— PROBLEM DETAILS —
Give the listing again exactly, skipping any pictures it holds.

— SUPPLIED MATERIAL —
= = =

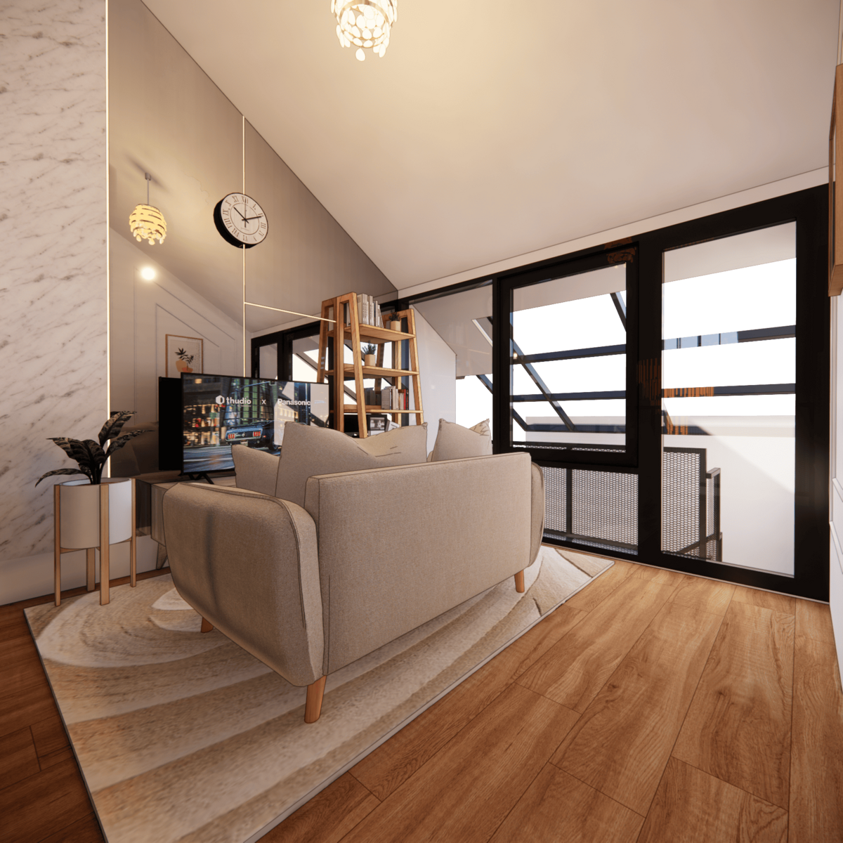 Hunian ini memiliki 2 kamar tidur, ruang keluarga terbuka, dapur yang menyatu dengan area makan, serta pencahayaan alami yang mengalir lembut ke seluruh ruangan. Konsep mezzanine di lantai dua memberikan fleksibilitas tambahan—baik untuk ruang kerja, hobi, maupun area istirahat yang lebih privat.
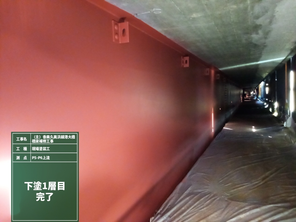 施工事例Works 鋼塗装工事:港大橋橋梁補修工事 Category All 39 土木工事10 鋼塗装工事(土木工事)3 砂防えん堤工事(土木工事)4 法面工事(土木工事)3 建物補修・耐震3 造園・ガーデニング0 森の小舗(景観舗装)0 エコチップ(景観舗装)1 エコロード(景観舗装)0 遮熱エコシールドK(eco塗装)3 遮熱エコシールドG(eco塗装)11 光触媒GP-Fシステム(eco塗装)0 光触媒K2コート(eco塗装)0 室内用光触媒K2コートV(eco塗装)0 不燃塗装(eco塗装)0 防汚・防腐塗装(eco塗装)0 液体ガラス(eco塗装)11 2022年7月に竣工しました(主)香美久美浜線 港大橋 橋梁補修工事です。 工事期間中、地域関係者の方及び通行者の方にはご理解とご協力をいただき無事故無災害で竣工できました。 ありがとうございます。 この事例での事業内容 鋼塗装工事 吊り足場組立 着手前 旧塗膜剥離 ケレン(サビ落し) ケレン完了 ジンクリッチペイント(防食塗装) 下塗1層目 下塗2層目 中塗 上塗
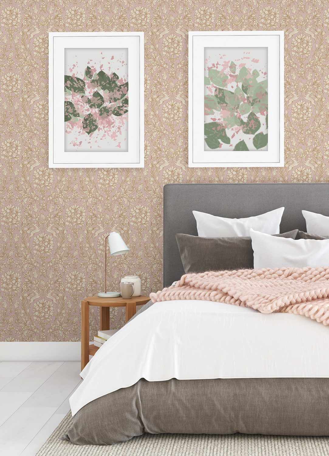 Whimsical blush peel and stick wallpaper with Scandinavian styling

= = =

— SOLUTION TO THIS PROBLEM —
 Hunian ini memiliki 2 kamar tidur, ruang keluarga terbuka, dapur yang menyatu dengan area makan, serta pencahayaan alami yang mengalir lembut ke seluruh ruangan. Konsep mezzanine di lantai dua memberikan fleksibilitas tambahan—baik untuk ruang kerja, hobi, maupun area istirahat yang lebih privat.
 施工事例Works 鋼塗装工事:港大橋橋梁補修工事 Category All 39 土木工事10 鋼塗装工事(土木工事)3 砂防えん堤工事(土木工事)4 法面工事(土木工事)3 建物補修・耐震3 造園・ガーデニング0 森の小舗(景観舗装)0 エコチップ(景観舗装)1 エコロード(景観舗装)0 遮熱エコシールドK(eco塗装)3 遮熱エコシールドG(eco塗装)11 光触媒GP-Fシステム(eco塗装)0 光触媒K2コート(eco塗装)0 室内用光触媒K2コートV(eco塗装)0 不燃塗装(eco塗装)0 防汚・防腐塗装(eco塗装)0 液体ガラス(eco塗装)11 2022年7月に竣工しました(主)香美久美浜線 港大橋 橋梁補修工事です。 工事期間中、地域関係者の方及び通行者の方にはご理解とご協力をいただき無事故無災害で竣工できました。 ありがとうございます。 この事例での事業内容 鋼塗装工事 吊り足場組立 着手前 旧塗膜剥離 ケレン(サビ落し) ケレン完了 ジンクリッチペイント(防食塗装) 下塗1層目 下塗2層目 中塗 上塗
 Whimsical blush peel and stick wallpaper with Scandinavian styling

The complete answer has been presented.